Players can buy directly from the publisher in most cases. For outside those, there are options of DRM free or whatever Epic supposedly has to offer.
Steam may have a dominant position, but I'm not entirely sure that's a monopoly. If we had no other options? Sure. We have multiple other options. Steam Keys are the most common for a number of the sites, but I'd also consider that none of these launchers have the set of features that Valve offers with theirs.
Does people choosing a better service make it a monopoly? I think if Steam didn't have even 1/3rd of what it offers then the other options would be more widely used. Rather, if the other options put as much effort into the quality of life of their launchers, they'd be more popular.

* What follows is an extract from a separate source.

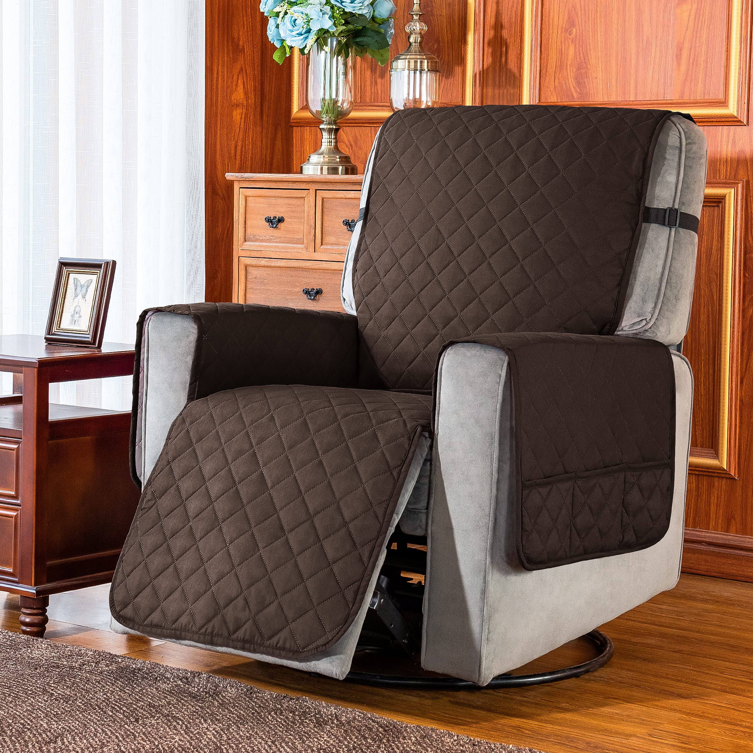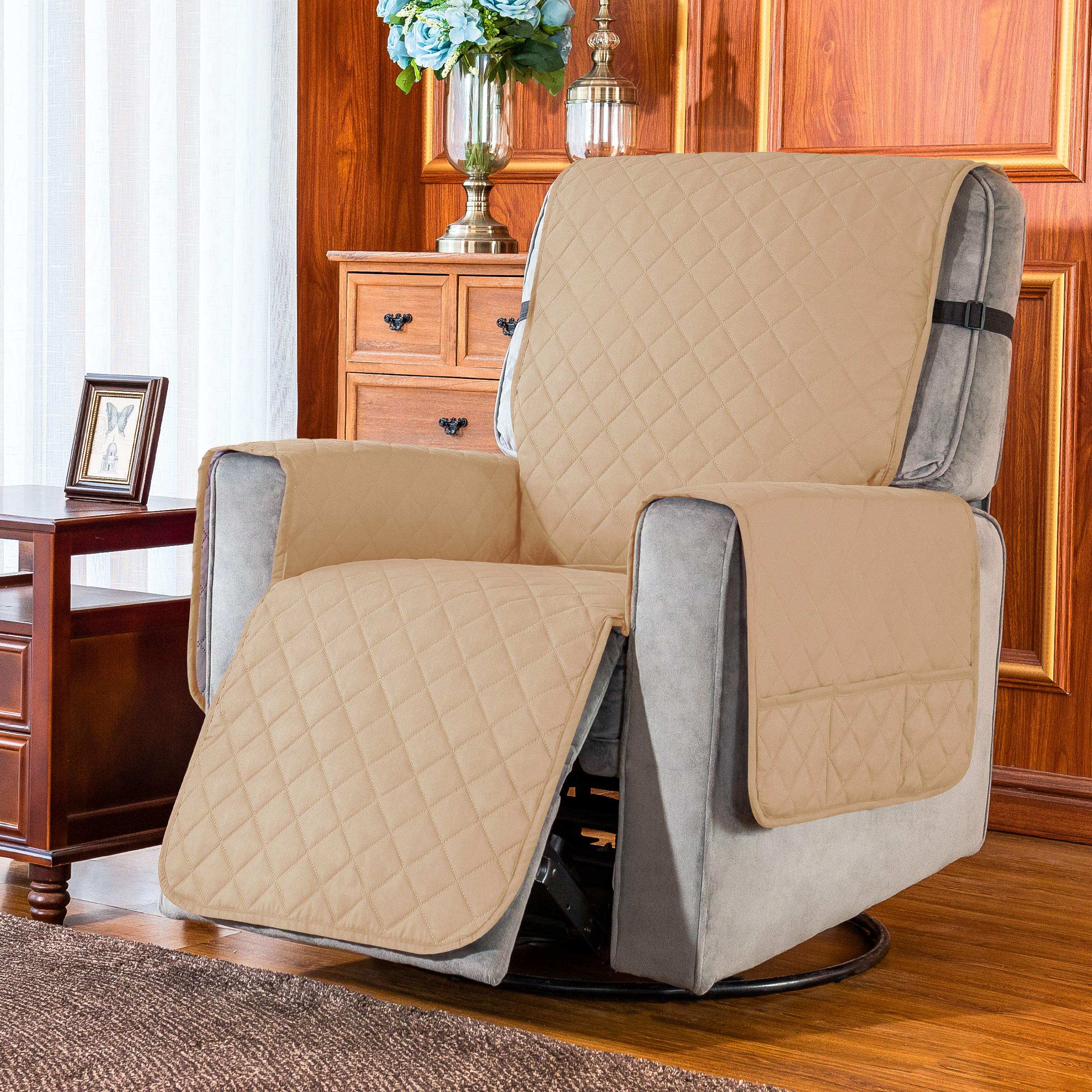 There is utility pocket on right side of our reclnier chair cover, you can put remote , mobile phone, magazines and other items in it. Making your chair more tidy and more convenient to store.

But personally I also think the Epic-backed Wolffire lawsuit claiming Valve has a monopoly is kind of BS, unless it comes out to be true that Steams market power forced developers to keep games off other stores and keep it on their own. If Valve were forcing its competitors to be shit, then sure it's a monopoly.
Up to this point, it seems to me that Steam has dominated the market because of reliability. The consistent sales, refunds are consistent, the program has a number of uses from communities to guides to per-game control schemes, to little things like the soundtracks of games being in one spot.
Is it a monopoly? Or is it the people's choice?
Sure, and the only time most people use these are launching through another platform that forces the launcher to run anyway.
Humble Bundle, GMG, and I assume Fanatical all sell mostly Steam keys. They aren't an alternative. Itch.io also does some, but they absolutely aren't competition.
Still buying a Steam key 99.99% of the time, so Valve gets their cut.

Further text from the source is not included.